About this exercise:
The answer should match the entries below word for word, minus their pictures.

Supplied entries:
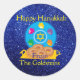 Hanukkah Plate with Dreidels Blue Faux Glitter Classic Round Sticker
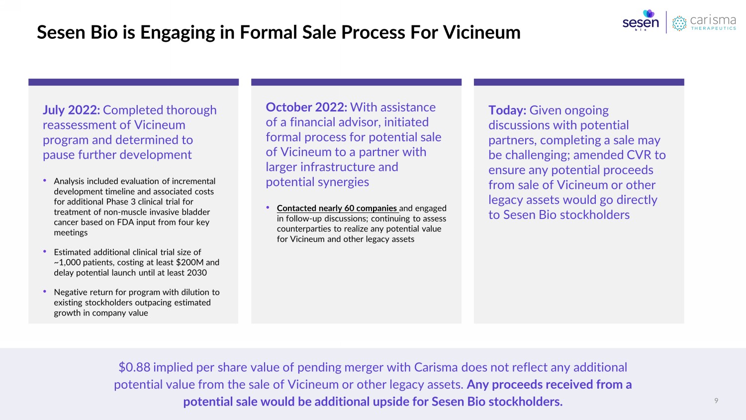 Independent and value creation focused Board with decades of experience in leadership positions within life sciences and biotech and significant transaction experience April 22, 2022 Initiated comprehensive strategic alternatives review process May 18, 2022 – June 7, 2022 Conducted proactive outreach to 100+ companies ; 42 companies submitted non - binding indications of interest; 15 potential counterparties identified August 11 – August 18, 2022 Additional due diligence activities with Carisma and one other remaining potential counterparty August 19, 2022 Additional due diligence call with Key Opinion Leaders with expertise in solid tumors and cell therapy to analyze and understand Carisma’s pipeline and proprietary cell therapy platform August 19, 2022 – September 20, 2022 Sesen Bio and Carisma complete confirmatory due diligence September 21, 2022 Sesen Bio and Carisma announce original merger agreement December 29, 2022 Sesen Bio and Carisma announce amended merger agreement May 6, 2022 Engaged financial advisor, SVB Securities Sesen Bio Conducted Robust Four - Month Strategic Review Process 8
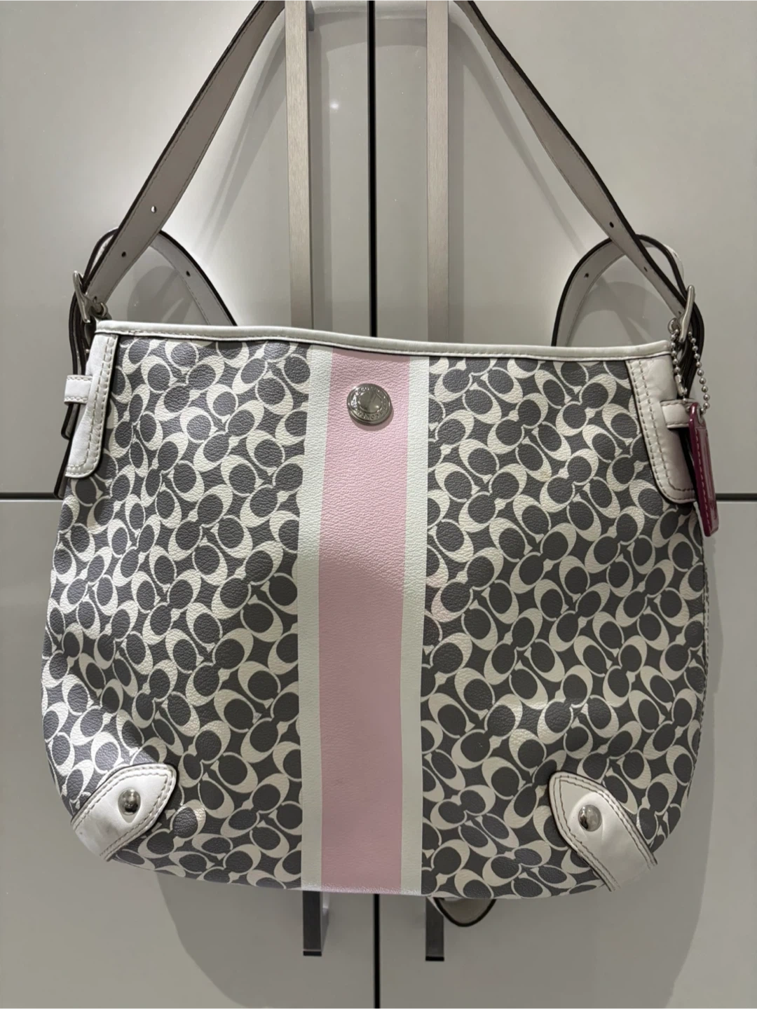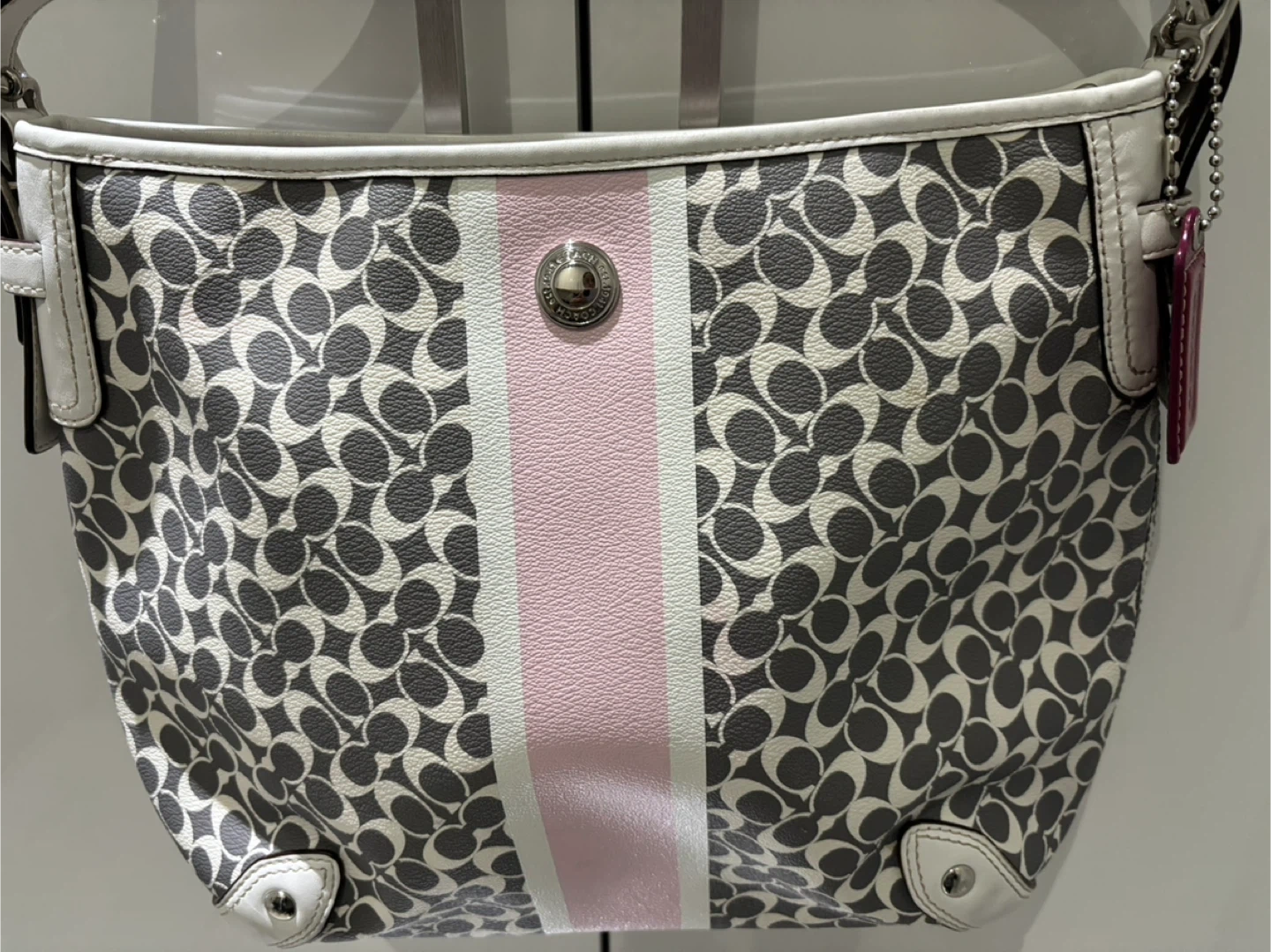 Coach hobo bag in grey and white and pink colour with signature pattern.
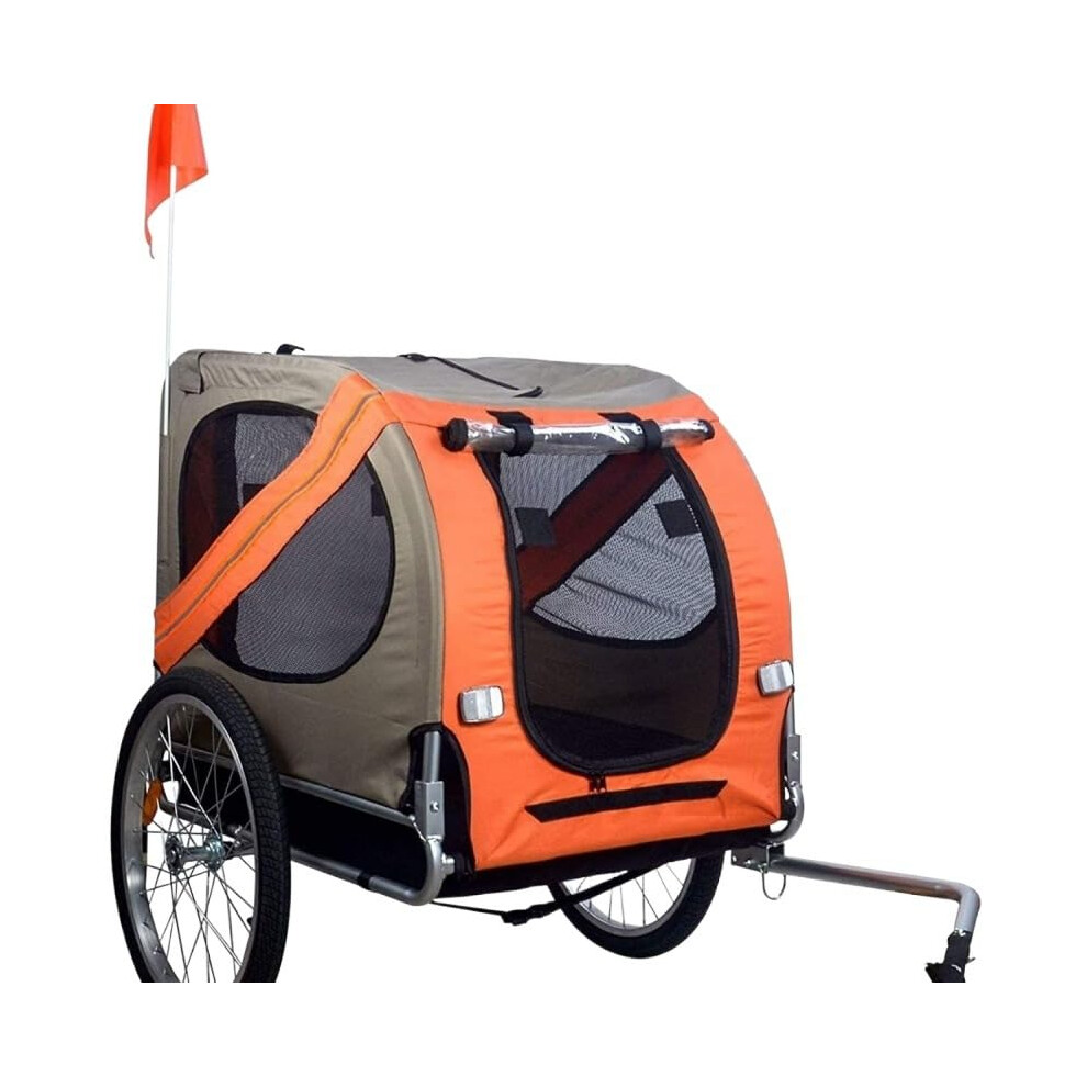 Dog Bike Trailer 2-in-1 Pet Stroller Cart Bicycle Carrier Attachment for Travel in steel frame with Wheels Hitch Coupler Reflectors Flag
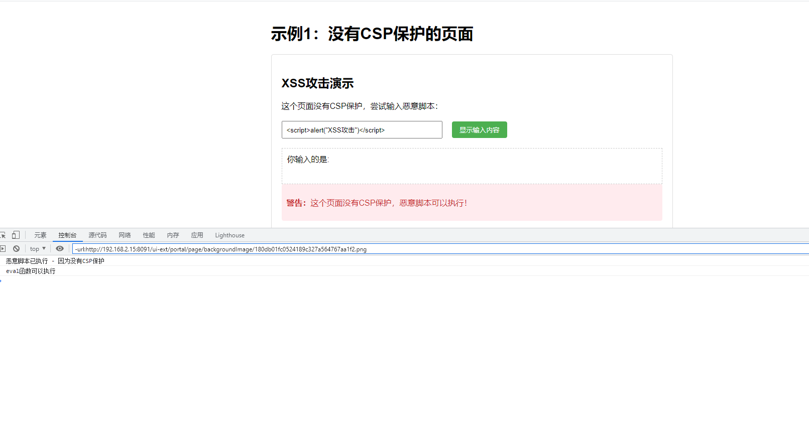 <p>这个页面没有CSP保护,尝试输入恶意脚本:</p>
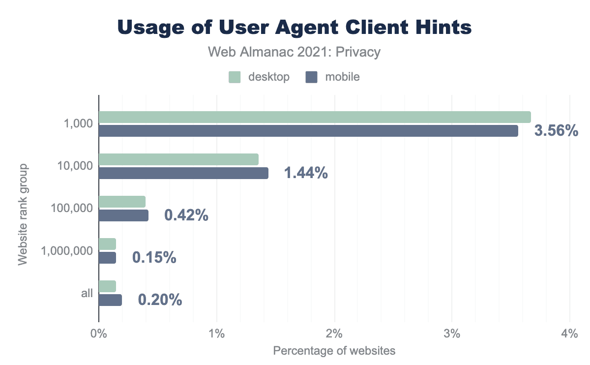 しかし、現時点では、クライアントヒントを導入しているWebサイトはほとんどありません。また、人気のあるWebサイトとそうでないWebサイトでは、クライアントヒントの利用状況に大きな差があります。モバイルで人気のある上位1,000のWebサイトのうち、3.67%がClient Hintsをリクエストしています。上位10,000のウェブサイトでは、実装率は1.44%に低下しています。
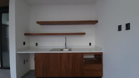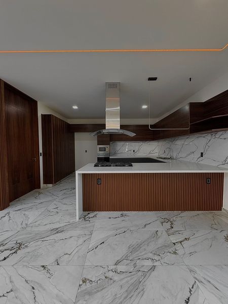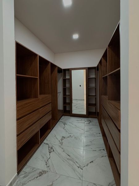 Carpintería con madera de parota en puertas, cocina, closets y muebles de baño.
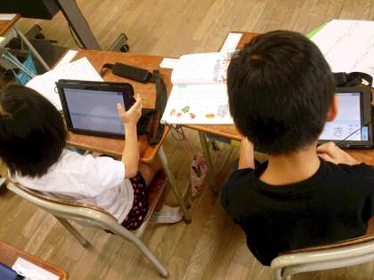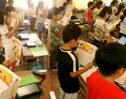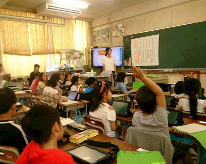 昨日、1年生の国語で、研究授業が行われました。物語文「サラダでげんき」で、主人公に、教えたいことを考える学習でした。タブレットに書き込んで、友だちに伝えたり、全体に発表したりと、子どもたちはとても積極的に学習していました。
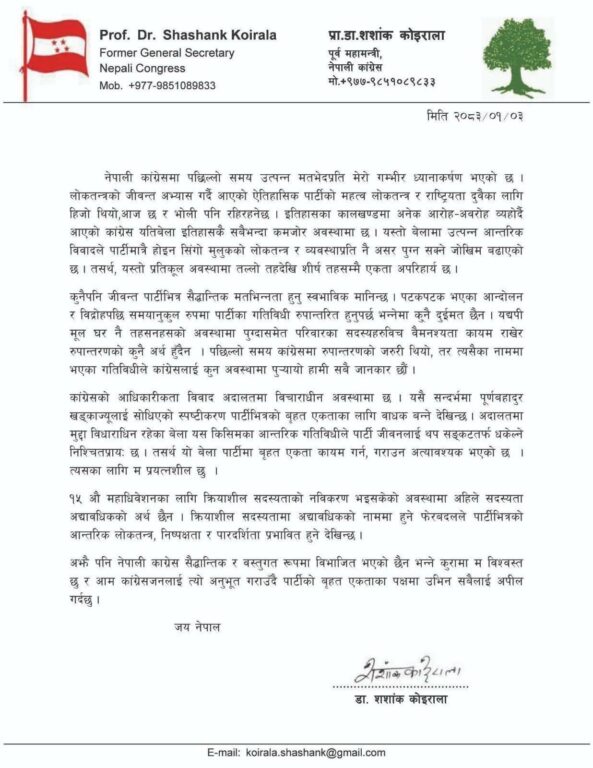 पार्टीको पछिल्ला गतिविधिबारे धारणा राख्दै कांग्रेसका पूर्वमहामन्त्री समेत रहेका नेता कोइरालाले सो कुरा बताएका हुन् ।
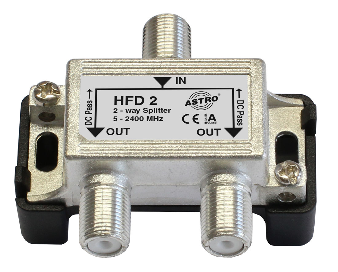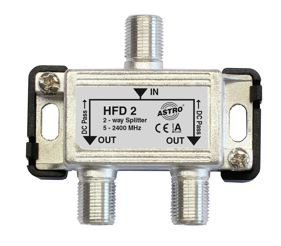 Hochwertiger BK- und SAT-Verteiler bis 2400 MHz, mit DC-Durchgang zu allen Anschlüssen, Schirmungsmaß Klasse A, Verteildämpfung 4–8 dB.
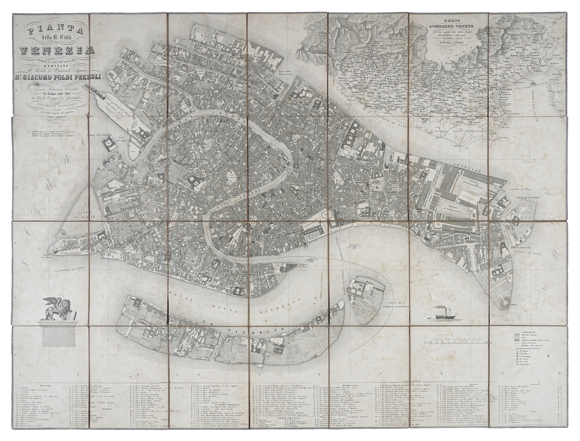 Marco Perissini geometra / Giuseppe Cattaneo incisore, Pianta della R. città di Venezia secondo lo stato del anno 1849, dedicata al nobile ed onorevole Signore Dr Giacomo Poldi Pezzoli…

Finished task:
 Hanukkah Plate with Dreidels Blue Faux Glitter Classic Round Sticker
 Independent and value creation focused Board with decades of experience in leadership positions within life sciences and biotech and significant transaction experience April 22, 2022 Initiated comprehensive strategic alternatives review process May 18, 2022 – June 7, 2022 Conducted proactive outreach to 100+ companies ; 42 companies submitted non - binding indications of interest; 15 potential counterparties identified August 11 – August 18, 2022 Additional due diligence activities with Carisma and one other remaining potential counterparty August 19, 2022 Additional due diligence call with Key Opinion Leaders with expertise in solid tumors and cell therapy to analyze and understand Carisma’s pipeline and proprietary cell therapy platform August 19, 2022 – September 20, 2022 Sesen Bio and Carisma complete confirmatory due diligence September 21, 2022 Sesen Bio and Carisma announce original merger agreement December 29, 2022 Sesen Bio and Carisma announce amended merger agreement May 6, 2022 Engaged financial advisor, SVB Securities Sesen Bio Conducted Robust Four - Month Strategic Review Process 8
 Coach hobo bag in grey and white and pink colour with signature pattern.
 Dog Bike Trailer 2-in-1 Pet Stroller Cart Bicycle Carrier Attachment for Travel in steel frame with Wheels Hitch Coupler Reflectors Flag
 <p>这个页面没有CSP保护,尝试输入恶意脚本:</p>
 しかし、現時点では、クライアントヒントを導入しているWebサイトはほとんどありません。また、人気のあるWebサイトとそうでないWebサイトでは、クライアントヒントの利用状況に大きな差があります。モバイルで人気のある上位1,000のWebサイトのうち、3.67%がClient Hintsをリクエストしています。上位10,000のウェブサイトでは、実装率は1.44%に低下しています。
 Carpintería con madera de parota en puertas, cocina, closets y muebles de baño.
 昨日、1年生の国語で、研究授業が行われました。物語文「サラダでげんき」で、主人公に、教えたいことを考える学習でした。タブレットに書き込んで、友だちに伝えたり、全体に発表したりと、子どもたちはとても積極的に学習していました。
 पार्टीको पछिल्ला गतिविधिबारे धारणा राख्दै कांग्रेसका पूर्वमहामन्त्री समेत रहेका नेता कोइरालाले सो कुरा बताएका हुन् ।
 Hochwertiger BK- und SAT-Verteiler bis 2400 MHz, mit DC-Durchgang zu allen Anschlüssen, Schirmungsmaß Klasse A, Verteildämpfung 4–8 dB.
 Marco Perissini geometra / Giuseppe Cattaneo incisore, Pianta della R. città di Venezia secondo lo stato del anno 1849, dedicata al nobile ed onorevole Signore Dr Giacomo Poldi Pezzoli…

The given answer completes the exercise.